### PROVIDED RECORDS

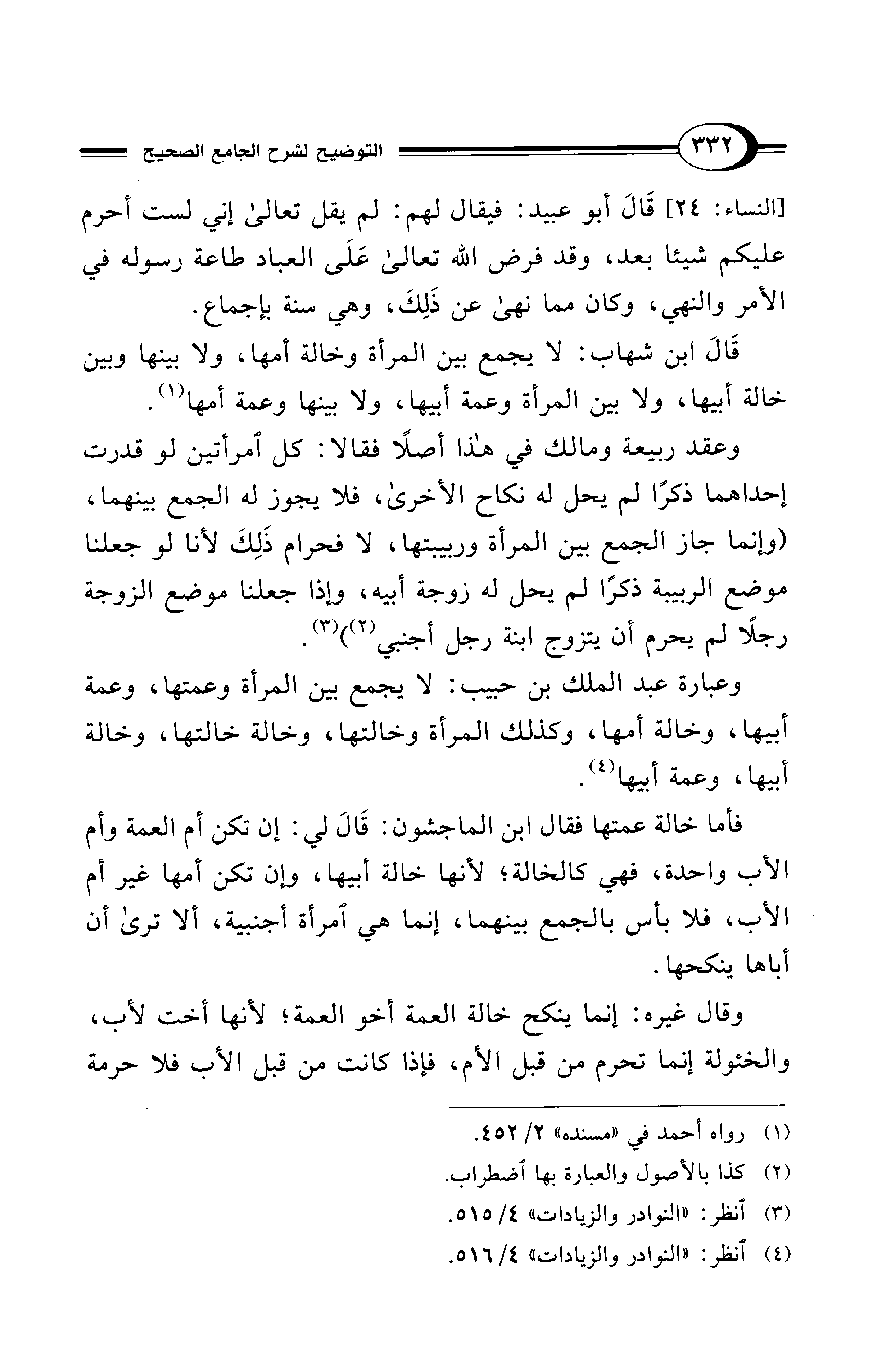 وعبارة عبد الملك بن حبيب: لا يجمع بين المرأة وعمتها، وعمة أبيها، وخالة أمها، وكذلك المرأة وخالتها، وخالة خالتها، وخالة أبيها، وعمة أبيها (¬4).
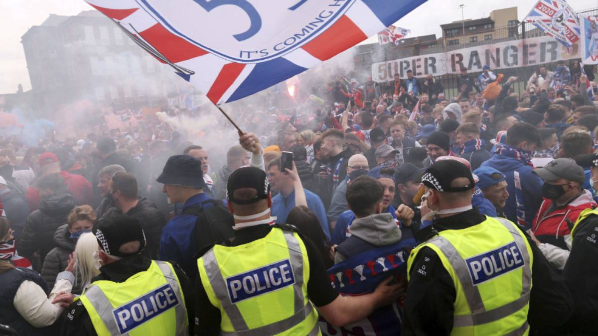 Rangers fans had defied a COVID-19 lockdown in March, when the team clinched the domestic title — its 55th — and dethroned Glasgow rival Celtic in the process.
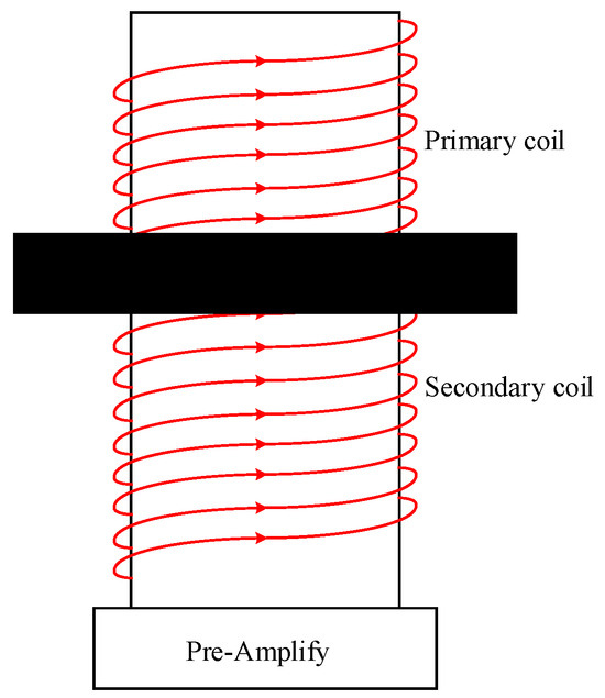 Magnetic induction probes are small coils wound with coaxial induction coils on a magnetic core, utilizing multiple turns of copper wire to enhance magnetic flux detection capability, thereby enabling the sensing of weaker magnetic field signals [63]. The magnetic induction probe device is illustrated in Figure 9.
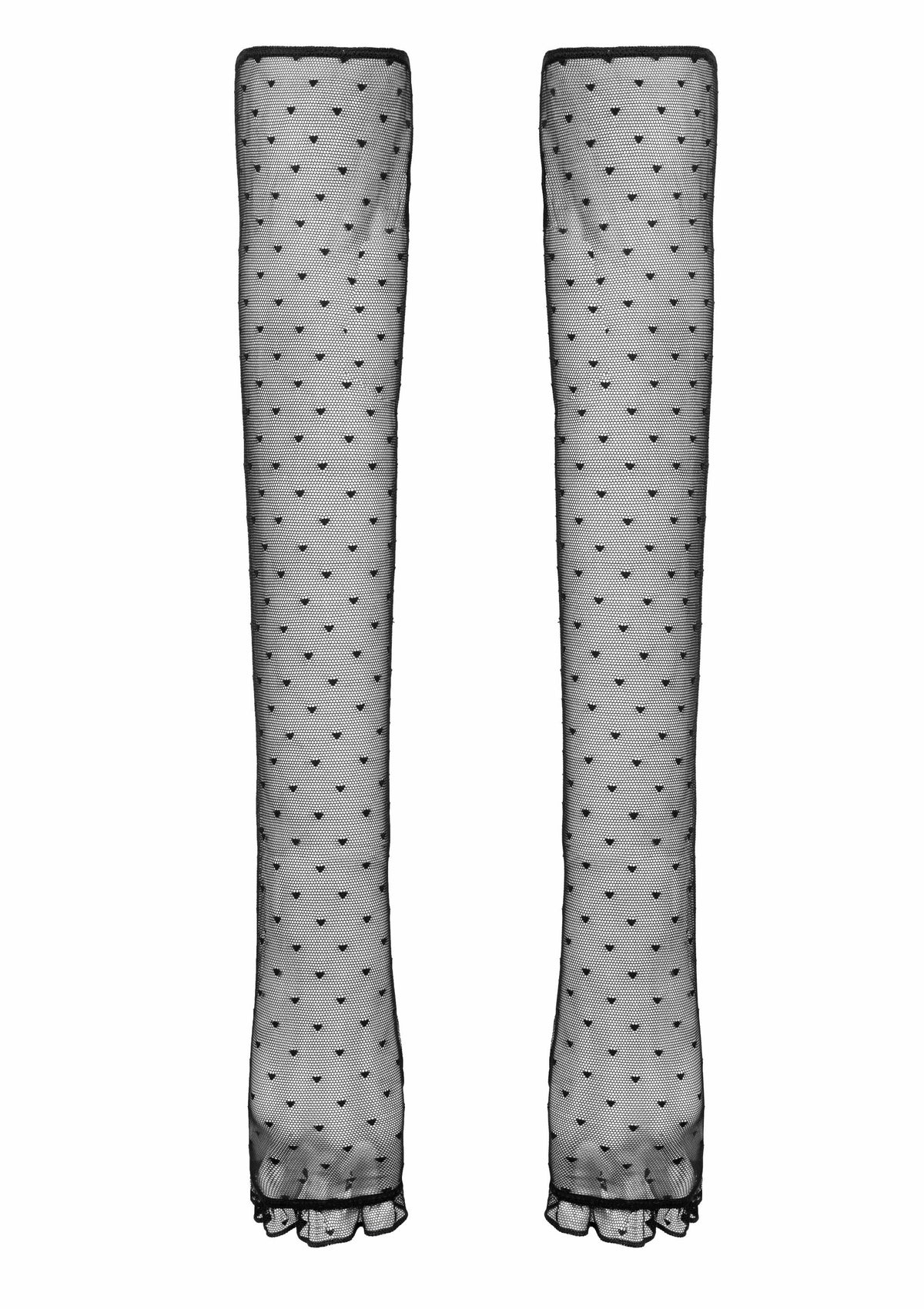 Uitgevoerd in luchtig plumetis-tule met verfijnde stippen creëren deze lange handschoenen een subtiel spel van transparantie dat de armen op sierlijke wijze omlijst.
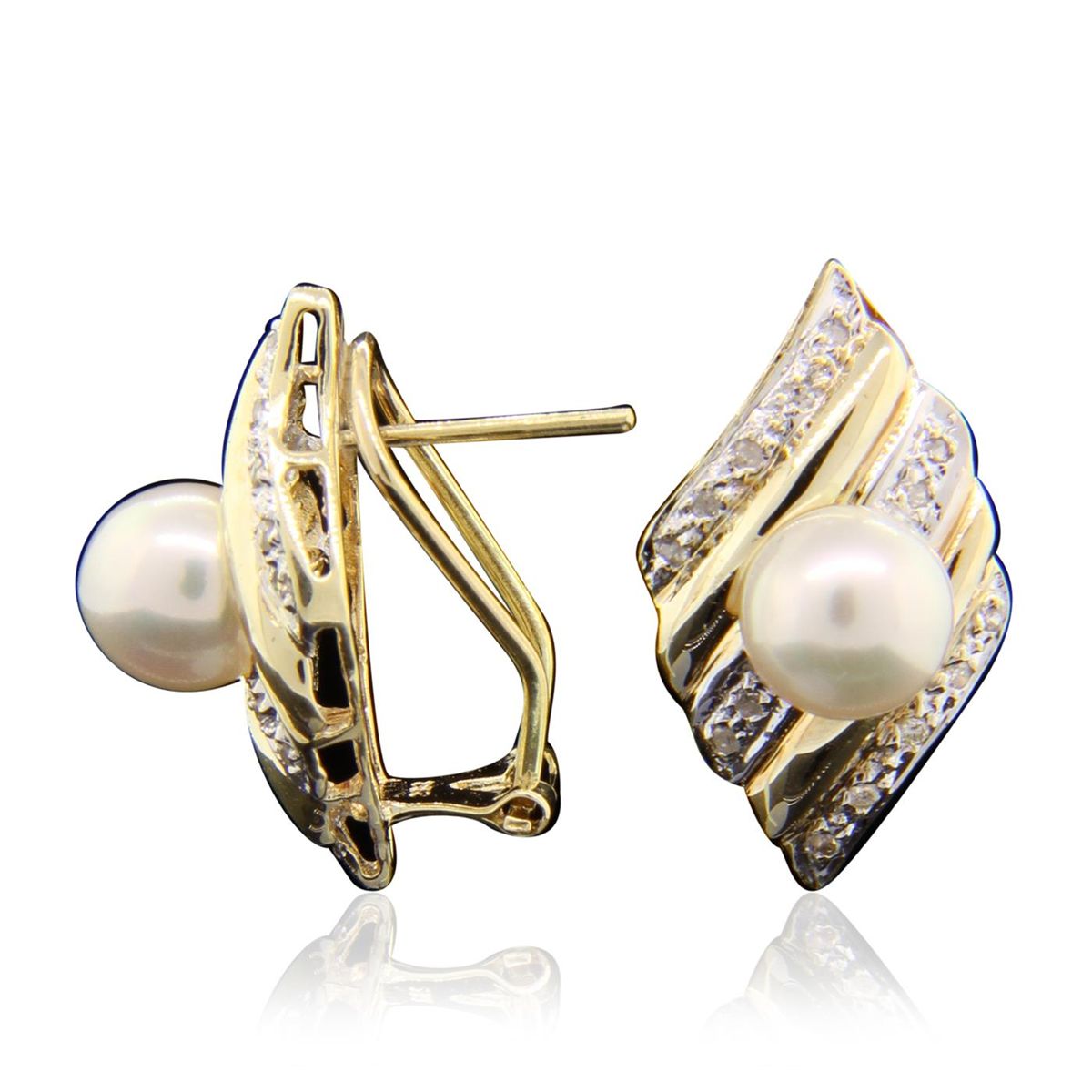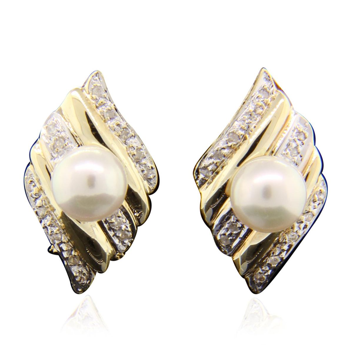 One pair of earrings featuring: 6.00 grams of 14KT yellow gold, (1) pearl and 0.15cts of diamonds.
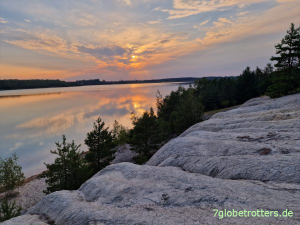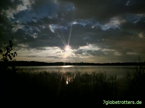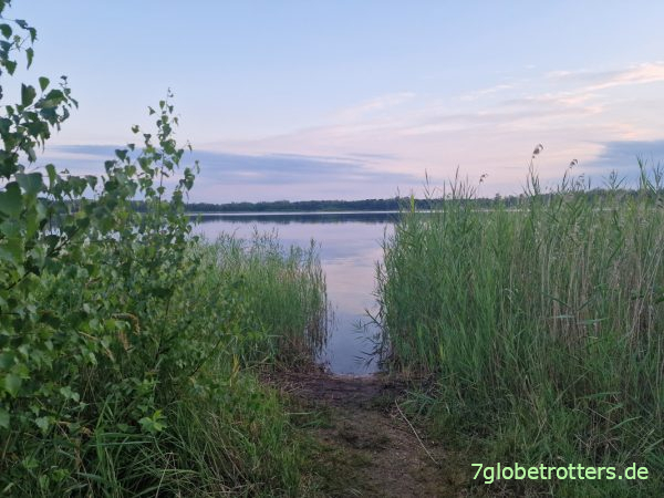 So fahren wir durch den Wald weiter nach Süden. Der Weg ist doof und schotterig, aber der Harthsee erweist sich als wunderbarer Badesee. Wir fahren fast in die letzte Ecke und finden um 20:50 Uhr eine kleine Privatbucht. Also Zelt aufbauen, baden und ab ins Bett. Die Mücken sind einfach zu fies. Irgendwas ist eben immer.

### PROBLEM REQUIREMENTS
What is needed is every record above, returned exactly, with the pictures omitted.

### RESPONSE AREA
 وعبارة عبد الملك بن حبيب: لا يجمع بين المرأة وعمتها، وعمة أبيها، وخالة أمها، وكذلك المرأة وخالتها، وخالة خالتها، وخالة أبيها، وعمة أبيها (¬4).
 Rangers fans had defied a COVID-19 lockdown in March, when the team clinched the domestic title — its 55th — and dethroned Glasgow rival Celtic in the process.
 Magnetic induction probes are small coils wound with coaxial induction coils on a magnetic core, utilizing multiple turns of copper wire to enhance magnetic flux detection capability, thereby enabling the sensing of weaker magnetic field signals [63]. The magnetic induction probe device is illustrated in Figure 9.
 Uitgevoerd in luchtig plumetis-tule met verfijnde stippen creëren deze lange handschoenen een subtiel spel van transparantie dat de armen op sierlijke wijze omlijst.
 One pair of earrings featuring: 6.00 grams of 14KT yellow gold, (1) pearl and 0.15cts of diamonds.
 So fahren wir durch den Wald weiter nach Süden. Der Weg ist doof und schotterig, aber der Harthsee erweist sich als wunderbarer Badesee. Wir fahren fast in die letzte Ecke und finden um 20:50 Uhr eine kleine Privatbucht. Also Zelt aufbauen, baden und ab ins Bett. Die Mücken sind einfach zu fies. Irgendwas ist eben immer.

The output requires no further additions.